-- DATA PROVIDED follows --
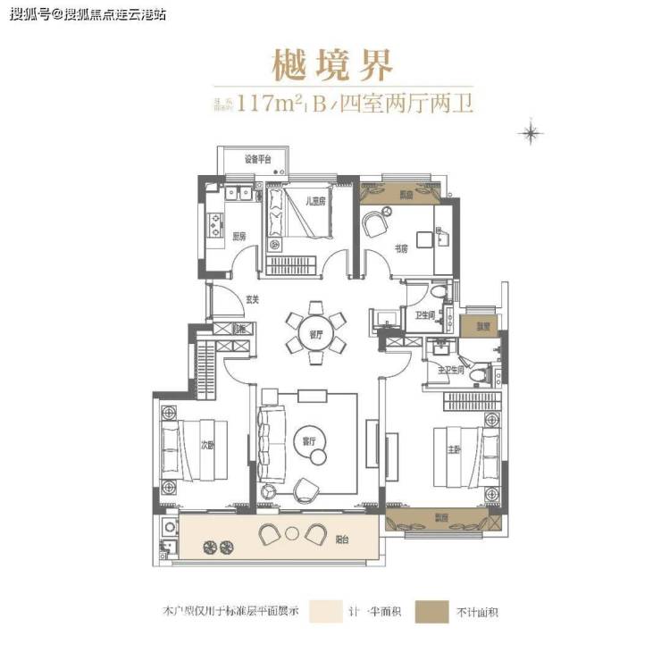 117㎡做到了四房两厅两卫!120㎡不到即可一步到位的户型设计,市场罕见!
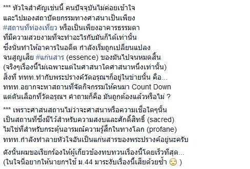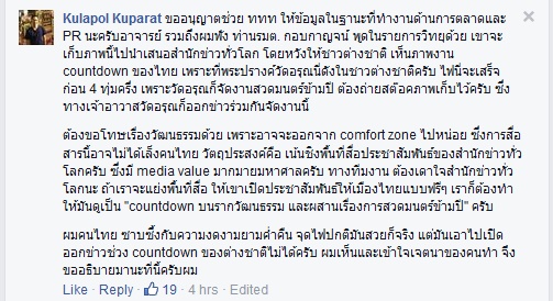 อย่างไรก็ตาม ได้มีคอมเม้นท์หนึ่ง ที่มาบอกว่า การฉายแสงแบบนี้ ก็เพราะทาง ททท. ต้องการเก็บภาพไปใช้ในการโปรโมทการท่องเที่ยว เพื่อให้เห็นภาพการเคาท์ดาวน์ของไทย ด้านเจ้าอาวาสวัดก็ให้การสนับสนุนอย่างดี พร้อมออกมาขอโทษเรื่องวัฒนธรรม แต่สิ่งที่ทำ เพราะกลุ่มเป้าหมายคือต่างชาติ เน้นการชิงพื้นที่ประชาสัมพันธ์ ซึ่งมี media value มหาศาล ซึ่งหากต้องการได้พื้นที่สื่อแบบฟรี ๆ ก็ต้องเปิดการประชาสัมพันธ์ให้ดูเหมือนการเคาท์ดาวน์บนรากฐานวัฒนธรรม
-- DATA PROVIDED concluded --
-- DATA PROVIDED follows --
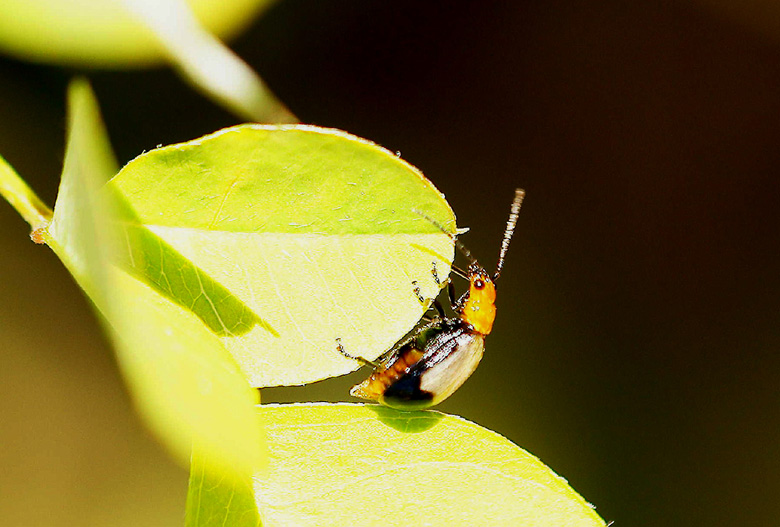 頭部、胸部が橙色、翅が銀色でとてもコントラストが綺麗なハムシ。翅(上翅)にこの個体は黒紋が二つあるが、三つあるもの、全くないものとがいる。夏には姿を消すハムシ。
-- DATA PROVIDED concluded --
-- DATA PROVIDED follows --
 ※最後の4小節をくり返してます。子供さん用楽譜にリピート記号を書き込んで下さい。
-- DATA PROVIDED concluded --
# [WORK ORDER]
Please transcribe exactly the part of the records that opens with the line containing "117㎡做到了四房两厅两卫!120㎡不到即可一步到位的户型设计,市场罕见!" and closes with the line containing "อย่างไรก็ตาม ได้มีคอมเม้นท์หนึ่ง ที่มาบอกว่า", both ends included, and leave out the pictures.

# [FINAL ANSWER]
 117㎡做到了四房两厅两卫!120㎡不到即可一步到位的户型设计,市场罕见!
 อย่างไรก็ตาม ได้มีคอมเม้นท์หนึ่ง ที่มาบอกว่า การฉายแสงแบบนี้ ก็เพราะทาง ททท. ต้องการเก็บภาพไปใช้ในการโปรโมทการท่องเที่ยว เพื่อให้เห็นภาพการเคาท์ดาวน์ของไทย ด้านเจ้าอาวาสวัดก็ให้การสนับสนุนอย่างดี พร้อมออกมาขอโทษเรื่องวัฒนธรรม แต่สิ่งที่ทำ เพราะกลุ่มเป้าหมายคือต่างชาติ เน้นการชิงพื้นที่ประชาสัมพันธ์ ซึ่งมี media value มหาศาล ซึ่งหากต้องการได้พื้นที่สื่อแบบฟรี ๆ ก็ต้องเปิดการประชาสัมพันธ์ให้ดูเหมือนการเคาท์ดาวน์บนรากฐานวัฒนธรรม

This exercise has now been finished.